WHAT THE TASK ASKS. Copy exactly the lines of the records below, starting at the line that contains "2019年第三季度全球共有8" and continuing through the last line, both included; omit any pictures.
Top of PROVIDED MATERIAL
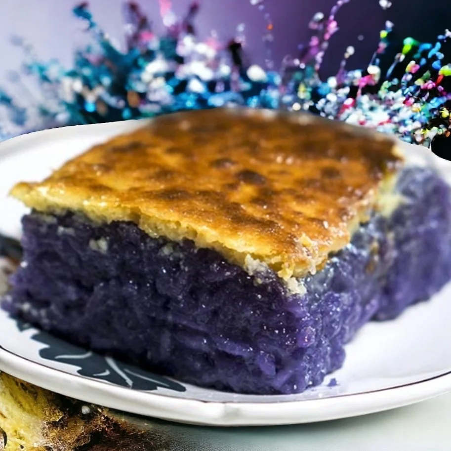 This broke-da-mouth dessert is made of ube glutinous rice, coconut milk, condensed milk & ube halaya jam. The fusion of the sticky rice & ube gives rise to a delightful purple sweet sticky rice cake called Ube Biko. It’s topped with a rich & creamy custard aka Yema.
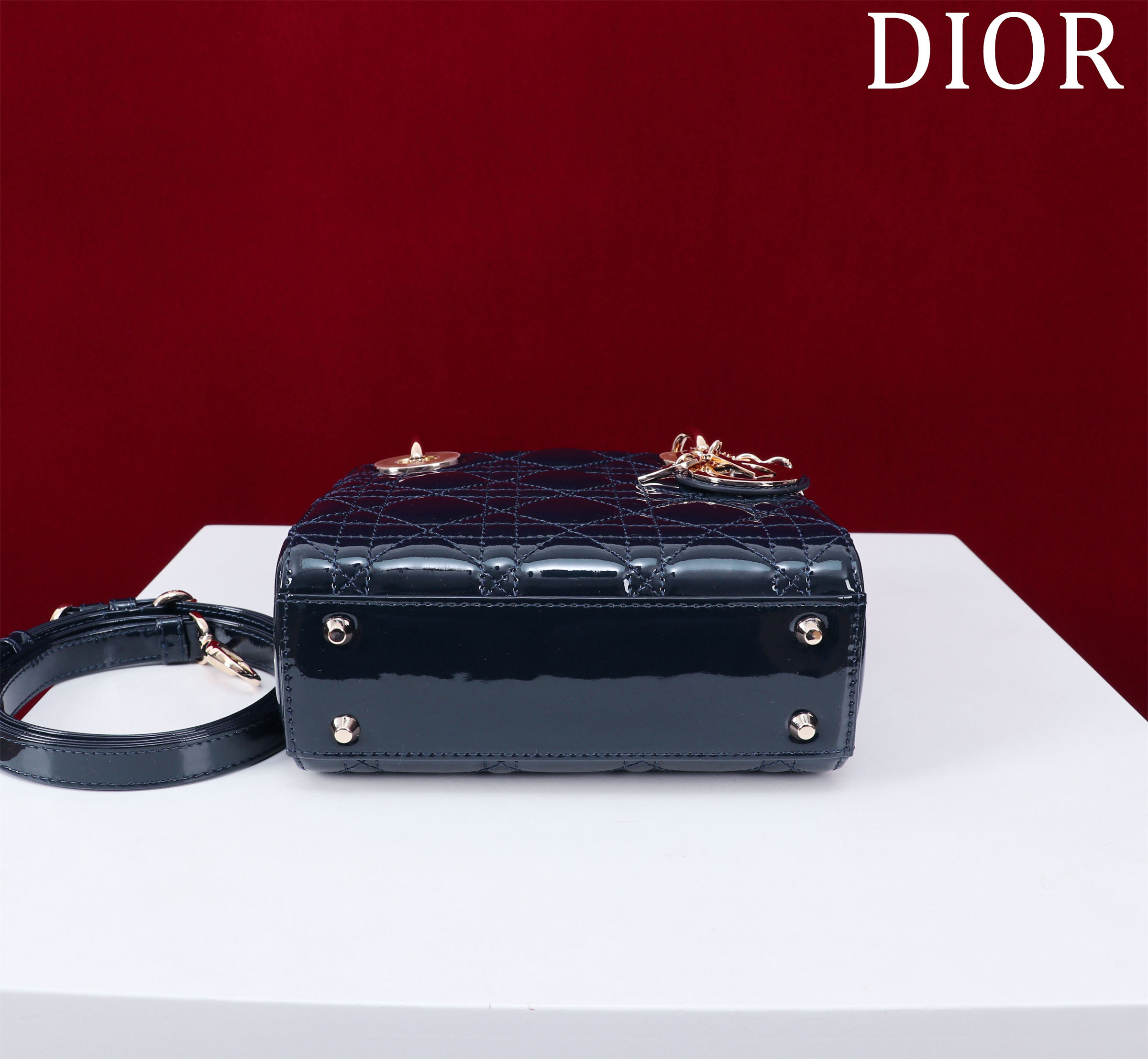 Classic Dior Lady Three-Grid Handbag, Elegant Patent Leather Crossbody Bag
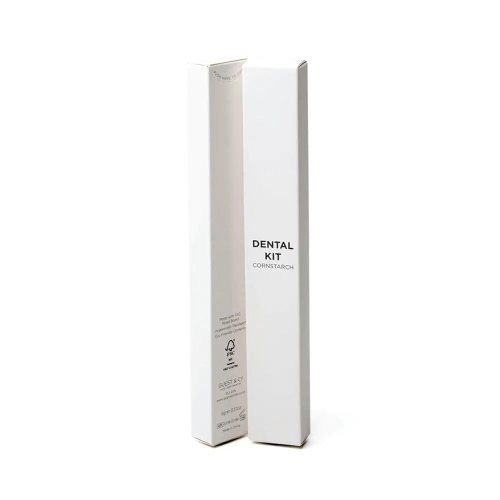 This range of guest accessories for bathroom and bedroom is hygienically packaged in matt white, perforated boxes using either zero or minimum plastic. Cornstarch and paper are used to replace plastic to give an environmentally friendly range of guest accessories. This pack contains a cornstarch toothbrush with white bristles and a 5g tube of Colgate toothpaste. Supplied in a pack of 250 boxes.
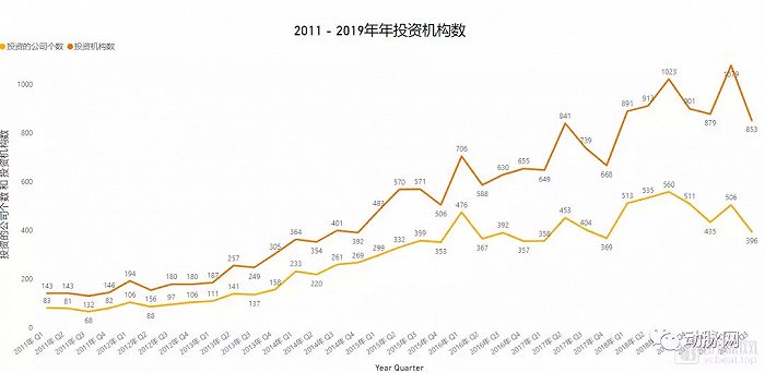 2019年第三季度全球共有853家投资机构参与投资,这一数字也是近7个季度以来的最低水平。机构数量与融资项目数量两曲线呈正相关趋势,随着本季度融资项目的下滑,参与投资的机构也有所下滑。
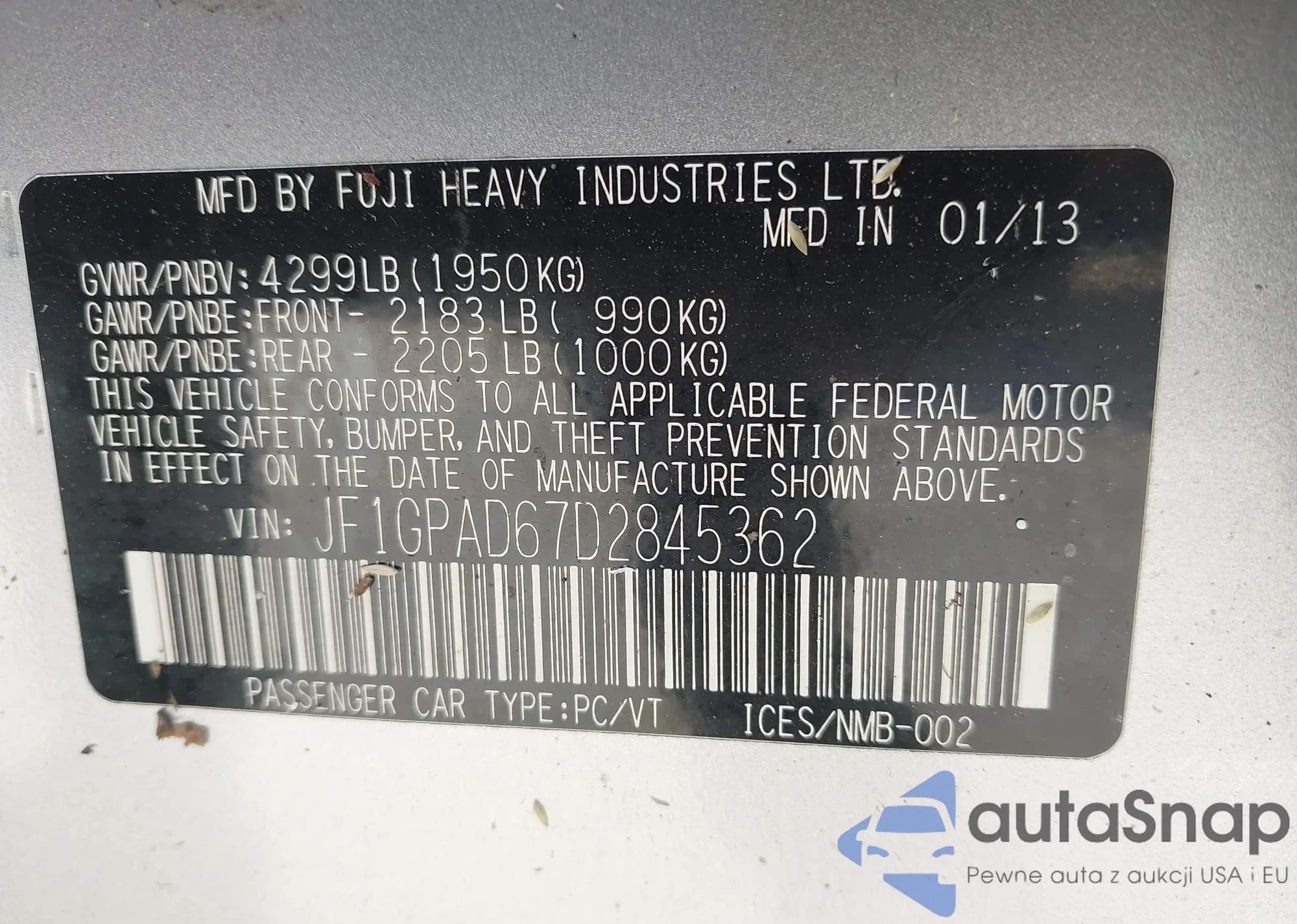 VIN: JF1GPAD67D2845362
Bottom of PROVIDED MATERIAL
RESPONSE TO THE EXERCISE.
 2019年第三季度全球共有853家投资机构参与投资,这一数字也是近7个季度以来的最低水平。机构数量与融资项目数量两曲线呈正相关趋势,随着本季度融资项目的下滑,参与投资的机构也有所下滑。
 VIN: JF1GPAD67D2845362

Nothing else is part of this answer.